Which graphs do you find especially useful for your day-to-day work?

Categories: Applications Opinion Pragmatic Machine Learning Statistics Tutorials

### Nina Zumel

Data scientist with Win Vector LLC. I also dance, read ghost stories and folklore, and sometimes blog about it all.

I love to see the box and jitter plot getting some love. It is one of my GOTO plots. I also really like effect plots for logistic regression:

library(effects)

model.glm 0.0 ~ ldl*famhist,family=binomial(),data=saheart)

plot(effect(term=”ldl:famhist”,mod=model.glm,default.levels=20),rescale.axis=FALSE)

@Ian Fellows

model.glm <- glm(formula=chd~ ldl*famhist,family=binomial(),data=saheart,na.action=na.omit)

plot(effect(term="ldl:famhist",mod=model.glm,default.levels=20),rescale.axis=FALSE)

Ah, very nice!

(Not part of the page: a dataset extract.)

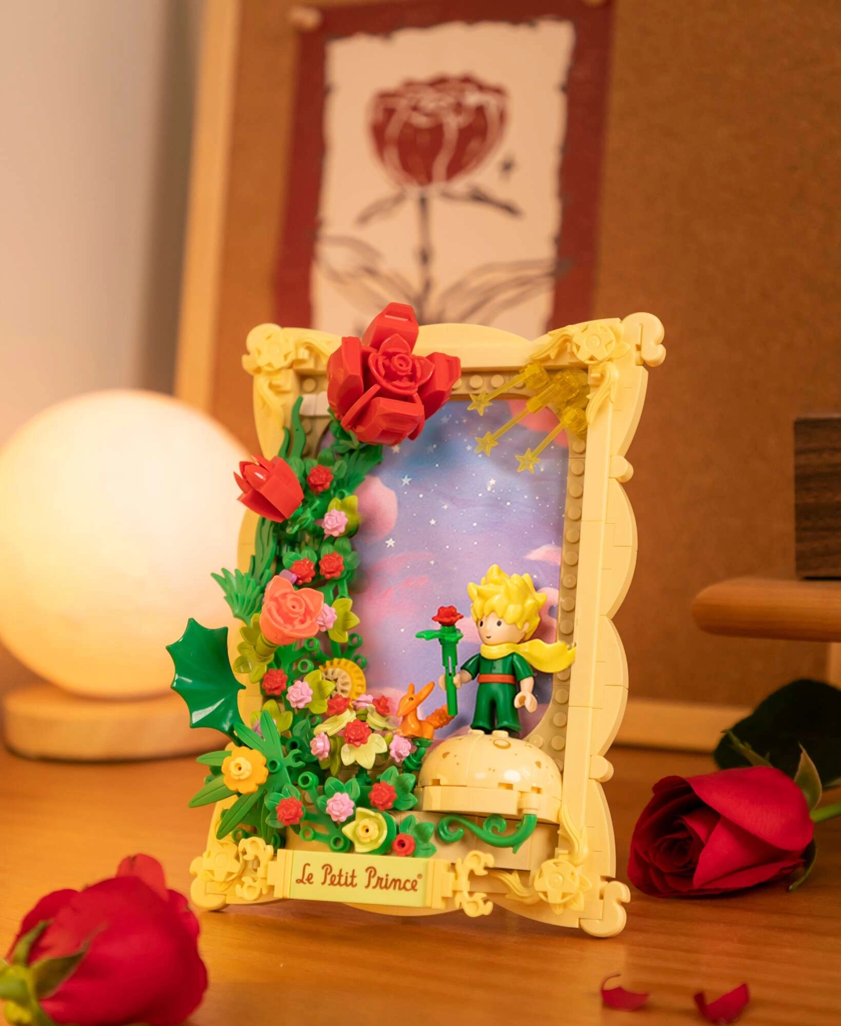Ce set de construction design transpose la poésie de l’histoire intemporelle en une décoration originale. Vous assemblerez une rose rouge remarquable aux pétales délicatement modelés, un cadre élégant et un socle avec l’inscription Le Petit Prince. Grâce au plastique ABS de qualité et à l’ajustement précis, la construction est fluide et le résultat stable – idéal sur une étagère, un bureau ou dans une chambre d’enfant.
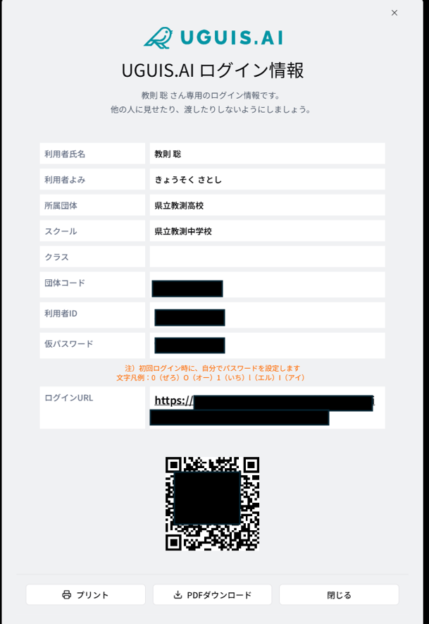 ⑤ 表⽰されたログイン情報(仮パスワード含む)を印刷または、PDFでダウンロードし利用者本人へ共有してください。

Thanks, Ian.

Here’s the plot:

Thanks for the post. It’s very easy to understand and I’m sure that most predictive modeling practitioners will find it useful. I mostly use SAS but I’m very impressed by the flexibility and graphics capabilities of R.

They must just work on the processing power (utilizing more than one processor) and the connectivity to RDB’s. Both of which are good and easy in SAS but much more difficult in R

It’s a fantastic site. Well done!!!

Ran into a funny thing. I always liked the y as a function of prediction graph better than the traditional residual graph. This is despite Cleveland’s studies showing people are better at spotting structure versus a residual over spotting structure versus y=x. However I just ran into a teaching project where the residual graph really fails. If the residuals are normally distributed (no interesting structure) then the visual portion of the graph is completely scale invariant and fails to show scale. Without looking at the scale you can not tell if the residuals are large are small. This is in contrast to the y versus prediction graph where you can visually discern scale. I admit the scale should be there and should be read, but the visual aspect is failing if the information is literally not there until you read the scale.